##### DATA FOR THE TASK #####

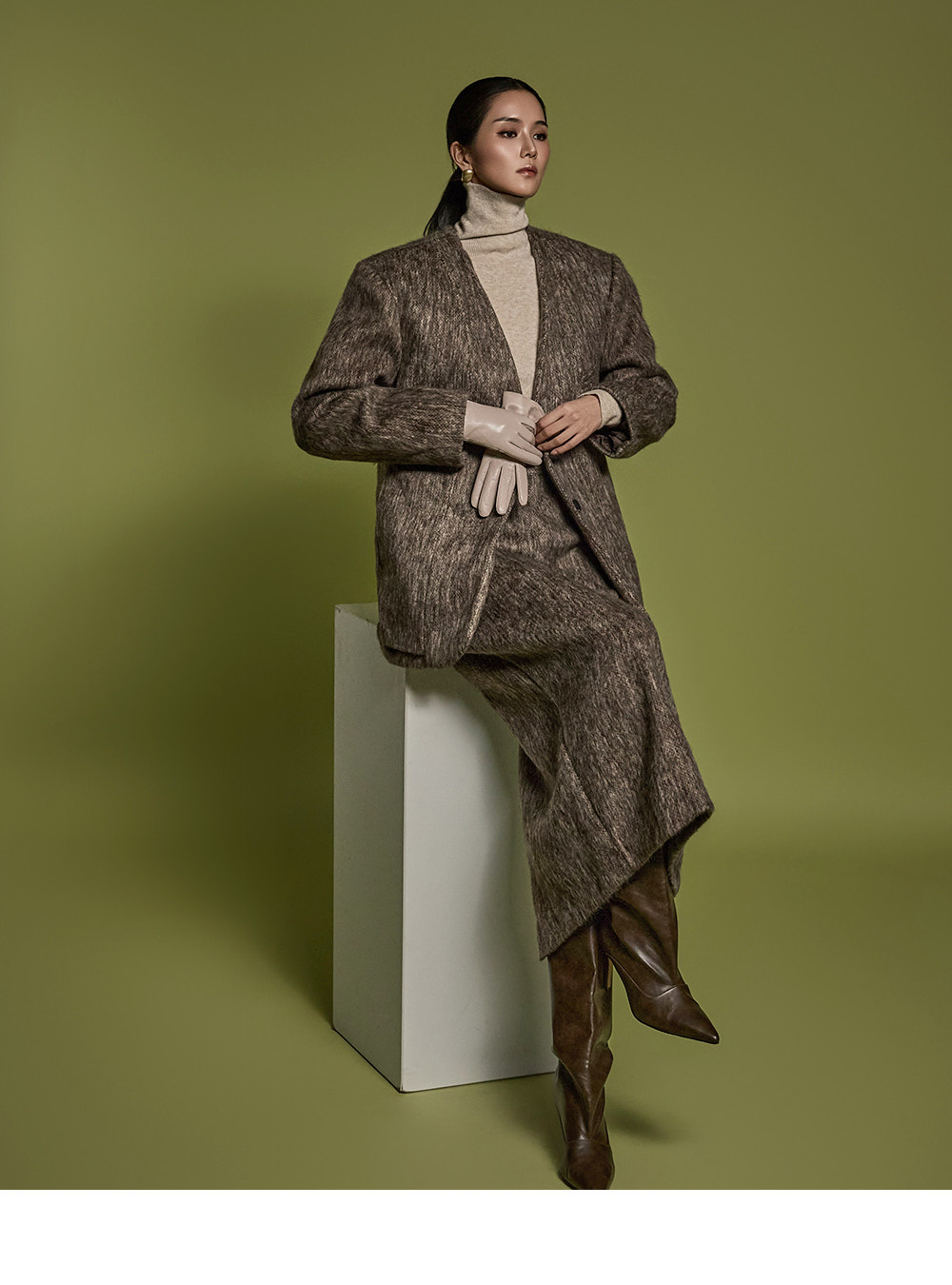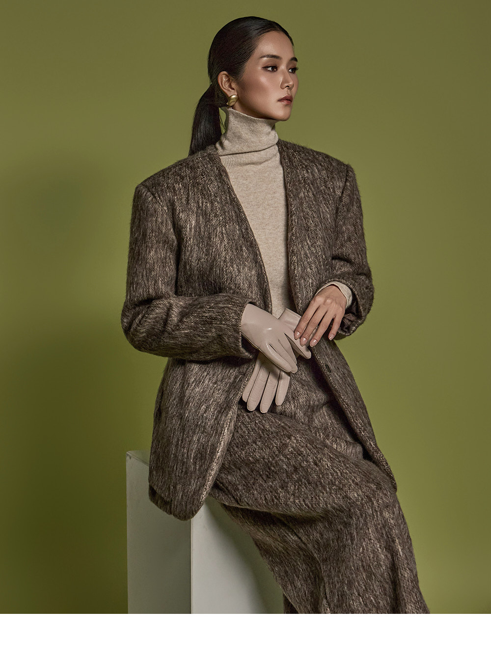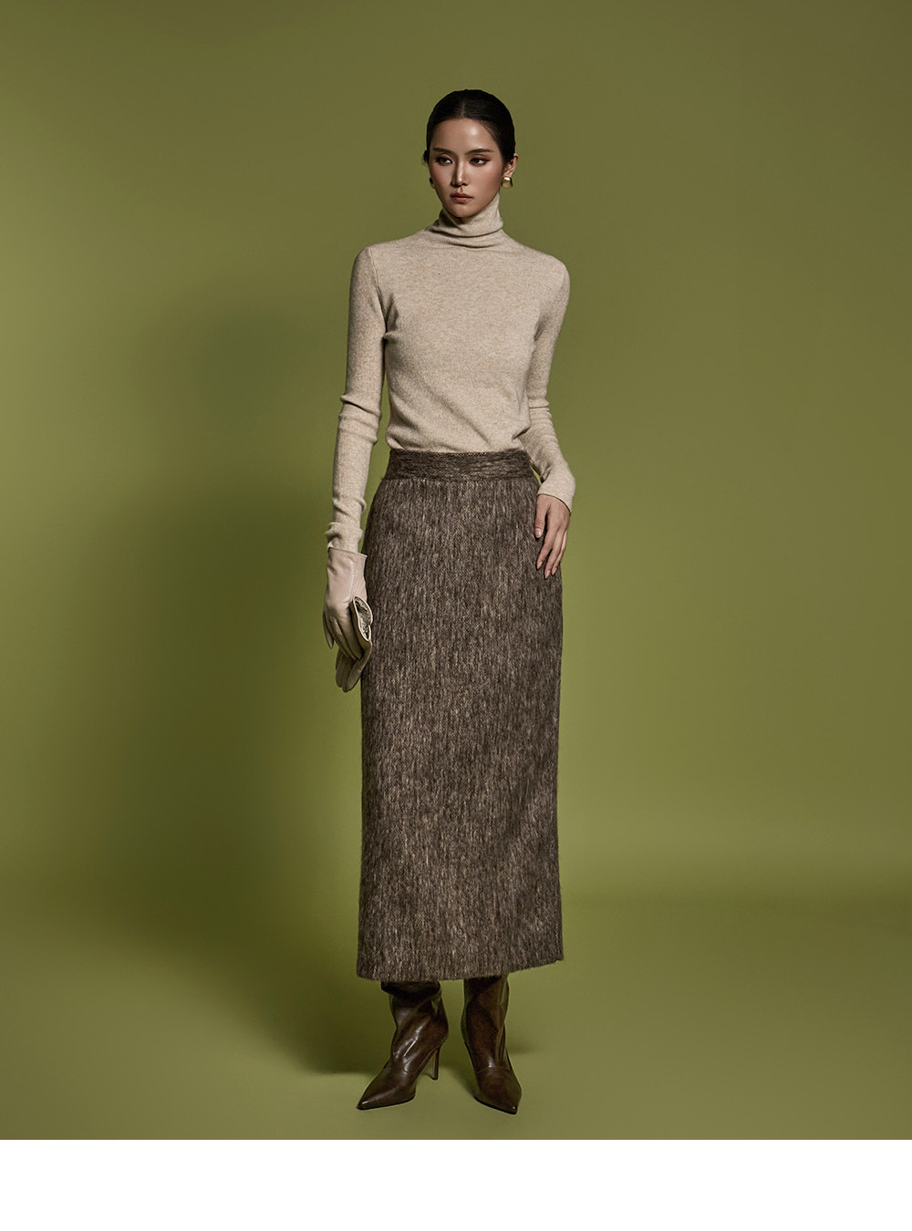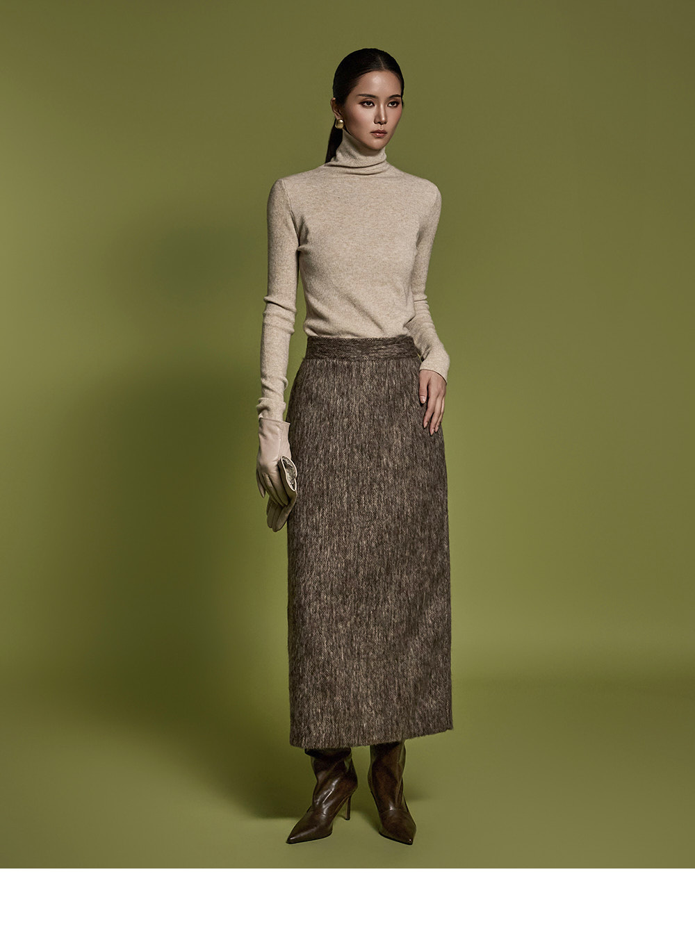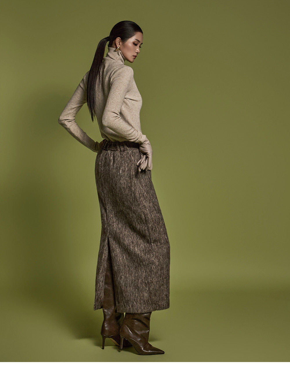 这是一款日常风格的上衣。 采用柔软的聚酯纤维、尼龙及粘胶混纺材质制作,ONE尺码设计,可根据体型舒适穿着。 无额外开合设计,弹性良好,穿着舒适,高领设计提升保暖性。 多种色彩选择,修身版型营造纤细外观,可作为外套内搭单品使用。 基础设计与适中长度,便于日常穿搭,推荐给DINT顾客。 模特身高173CM,穿着ONE尺码,颜色为米色。
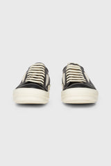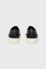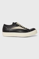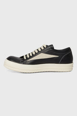 Vintage sneaks in black/milk/milk full grain calf leather and velour suede from Rick Owens AW25 Concordians. These vintage sneaks are under-ankle height and have eight eyelets with laces, toe caps and shark toothed bumper soles. They feature a triangular leather applique on the side foot, a padded ankle and contrast stitching.
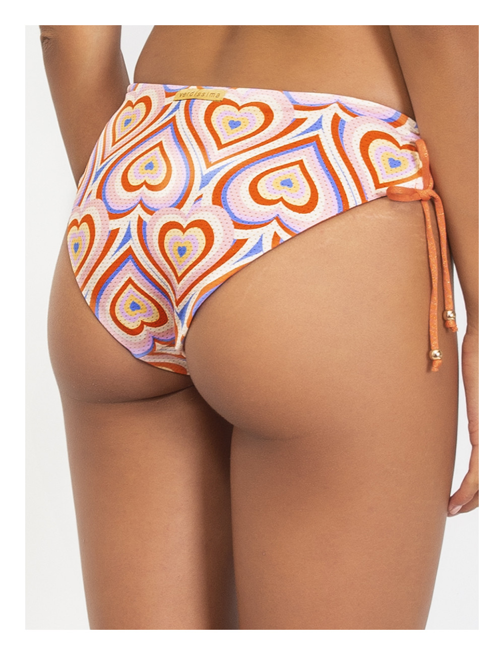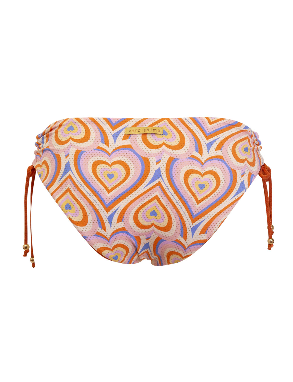 Lo Slip coulisse cuore optical VERDISSIMA, รจ uno slip bikini regolabile con coulisse sul fianco, double face stampa cuore/ tinta unita.
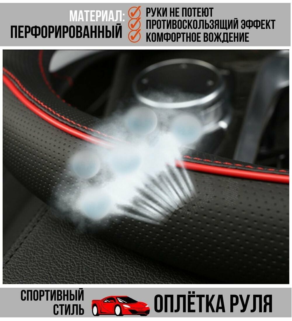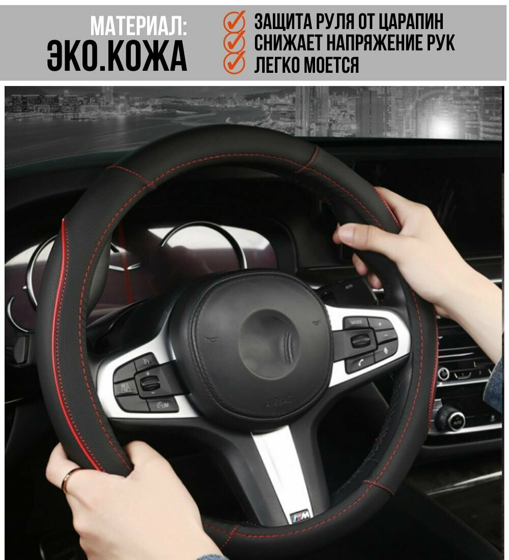 10 цен на Оплетка для руля автомобиля/ Good Ideas / черный чехол с красной строчкой, диаметр 38 см
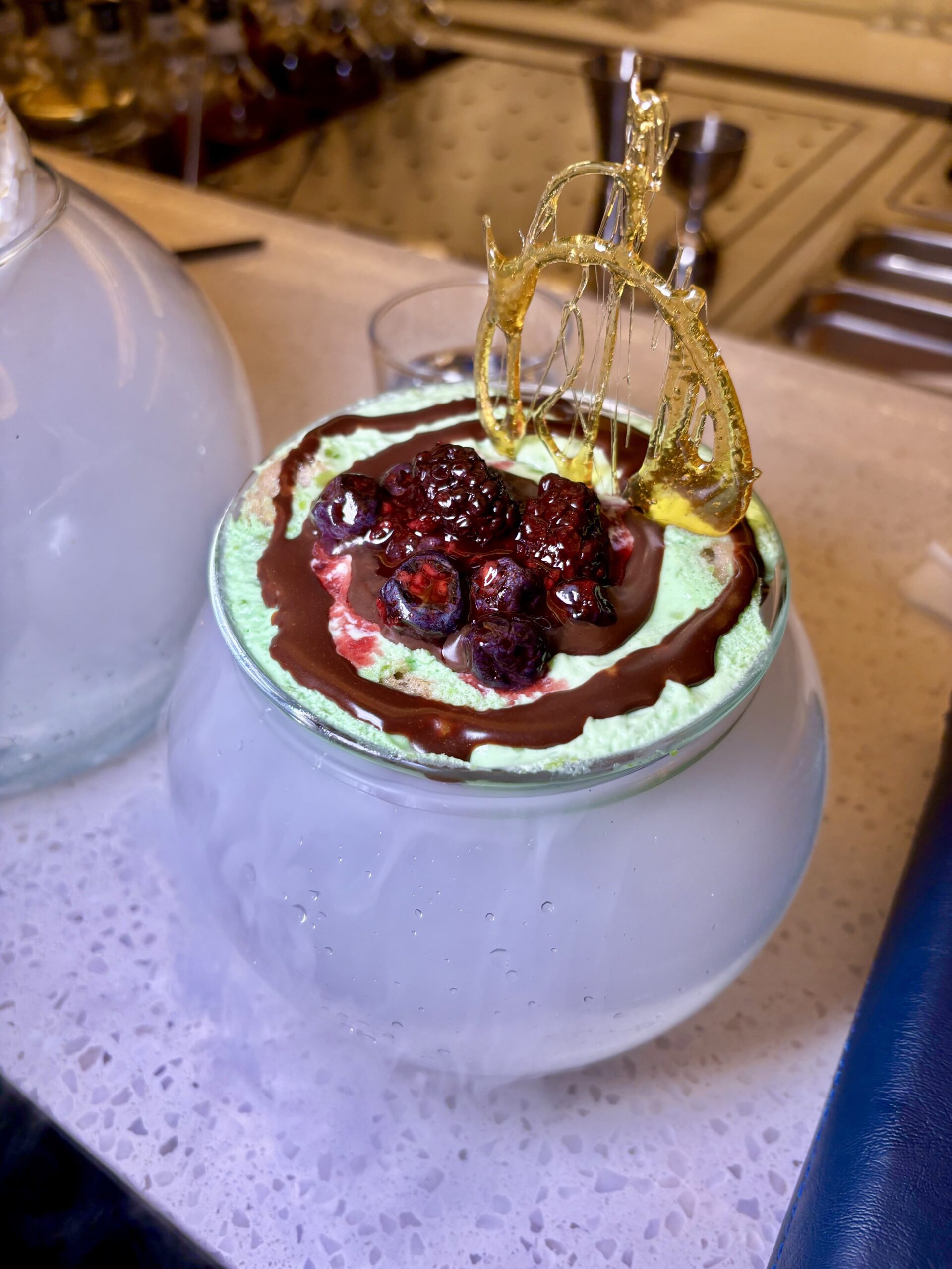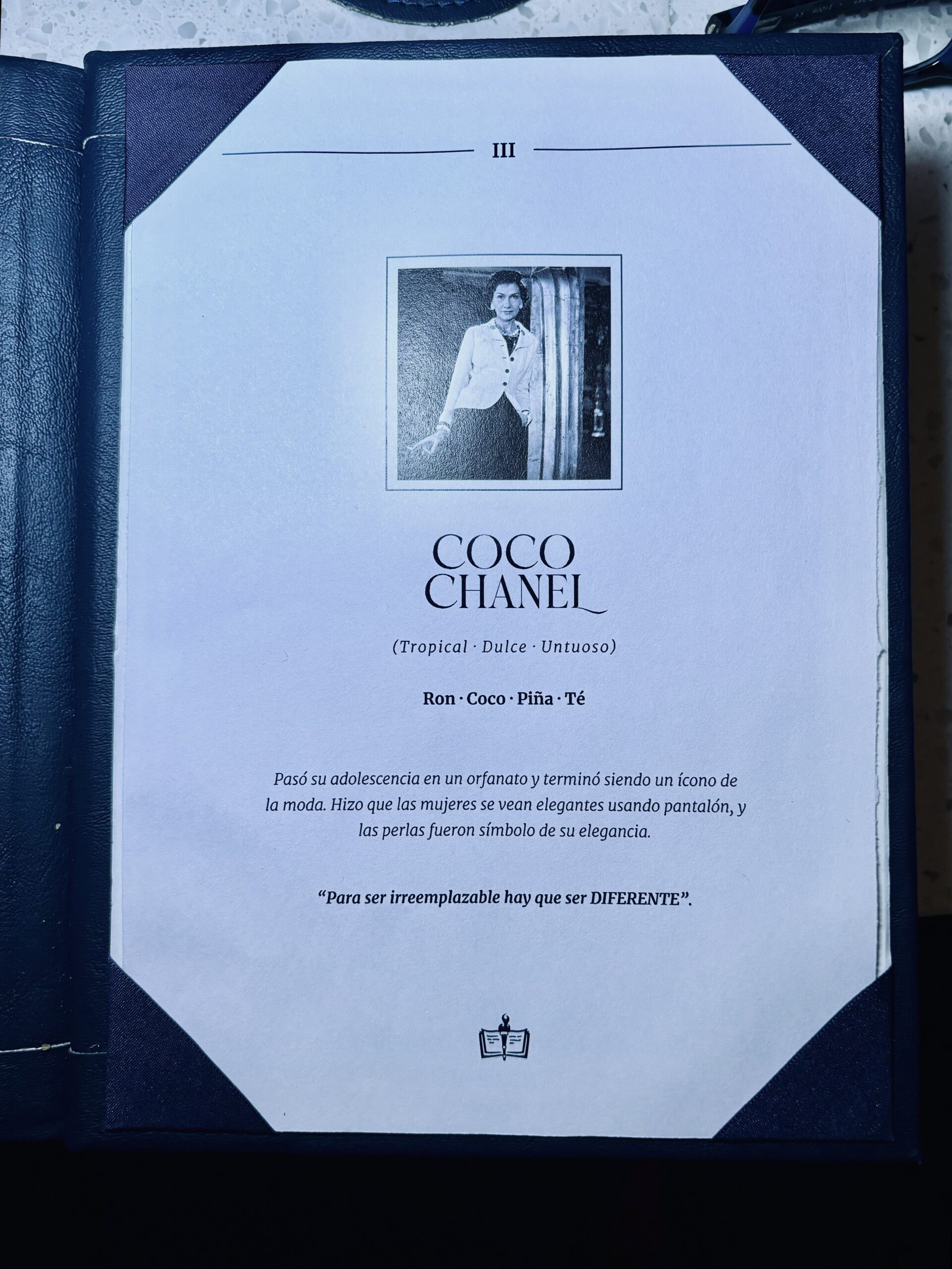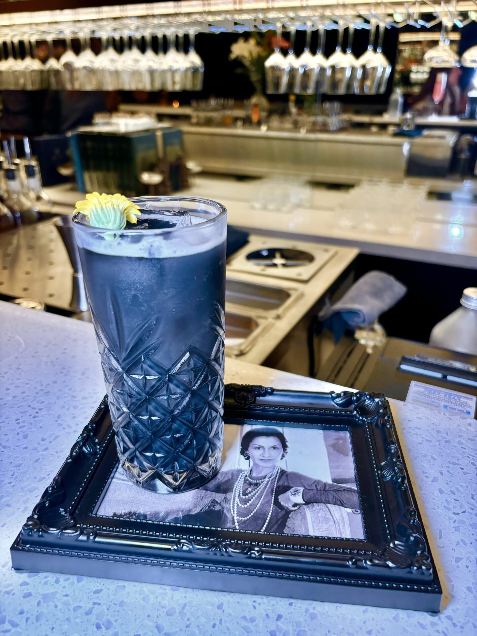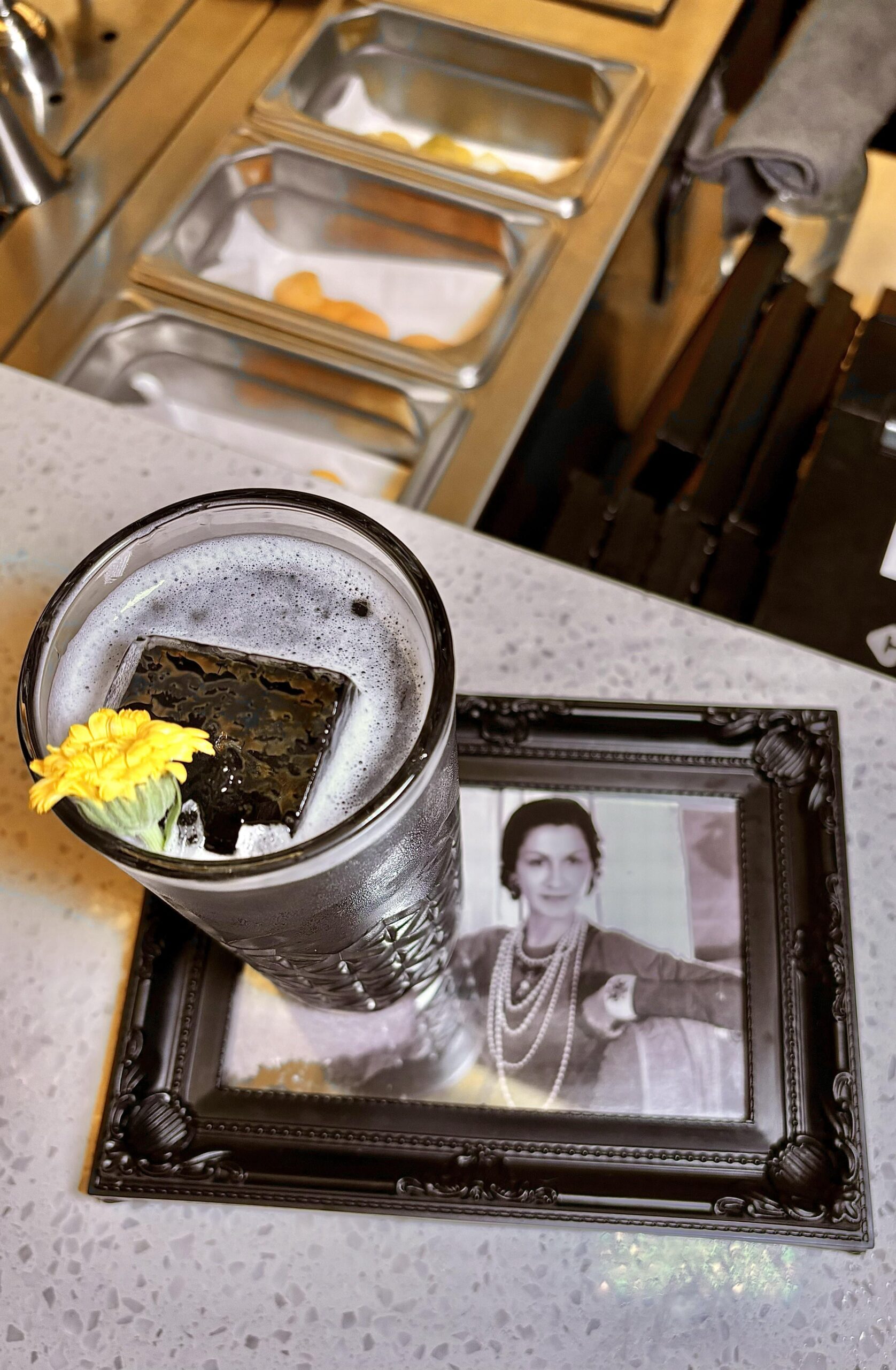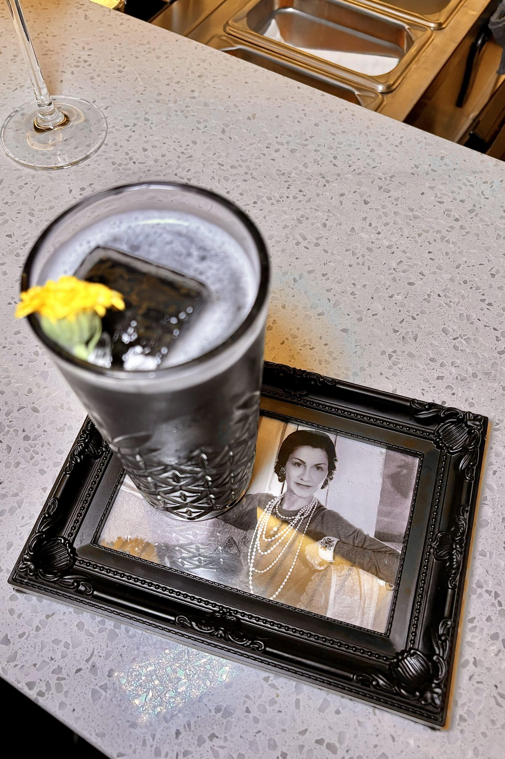 No hay tragos demasiado cargados de alcohol, ni con bebidas muy añejadas, pero sí usando técnicas y recursos interesantes como la carbonización de pieles cítricos y canela, para lograr un polvo negro usado en el COCO CHANEL y así ostentar el color oscuro y perfiles abiertos de sabores. Servido en trago largo sobre un portarretrato de la influyente diseñadora de moda francesa (1883-1971), conocida por revolucionar la moda femenina en el siglo XX, liberando a las mujeres de las restricciones de la moda victoriana. “Les sacó el corset y les puso pantalones”, aludió Caro Fortuna.

#####

PROBLEM: A verbatim copy of the records is needed, with all images omitted.

OUTPUT:
 这是一款日常风格的上衣。 采用柔软的聚酯纤维、尼龙及粘胶混纺材质制作,ONE尺码设计,可根据体型舒适穿着。 无额外开合设计,弹性良好,穿着舒适,高领设计提升保暖性。 多种色彩选择,修身版型营造纤细外观,可作为外套内搭单品使用。 基础设计与适中长度,便于日常穿搭,推荐给DINT顾客。 模特身高173CM,穿着ONE尺码,颜色为米色。
 Vintage sneaks in black/milk/milk full grain calf leather and velour suede from Rick Owens AW25 Concordians. These vintage sneaks are under-ankle height and have eight eyelets with laces, toe caps and shark toothed bumper soles. They feature a triangular leather applique on the side foot, a padded ankle and contrast stitching.
 Lo Slip coulisse cuore optical VERDISSIMA, รจ uno slip bikini regolabile con coulisse sul fianco, double face stampa cuore/ tinta unita.
 10 цен на Оплетка для руля автомобиля/ Good Ideas / черный чехол с красной строчкой, диаметр 38 см
 No hay tragos demasiado cargados de alcohol, ni con bebidas muy añejadas, pero sí usando técnicas y recursos interesantes como la carbonización de pieles cítricos y canela, para lograr un polvo negro usado en el COCO CHANEL y así ostentar el color oscuro y perfiles abiertos de sabores. Servido en trago largo sobre un portarretrato de la influyente diseñadora de moda francesa (1883-1971), conocida por revolucionar la moda femenina en el siglo XX, liberando a las mujeres de las restricciones de la moda victoriana. “Les sacó el corset y les puso pantalones”, aludió Caro Fortuna.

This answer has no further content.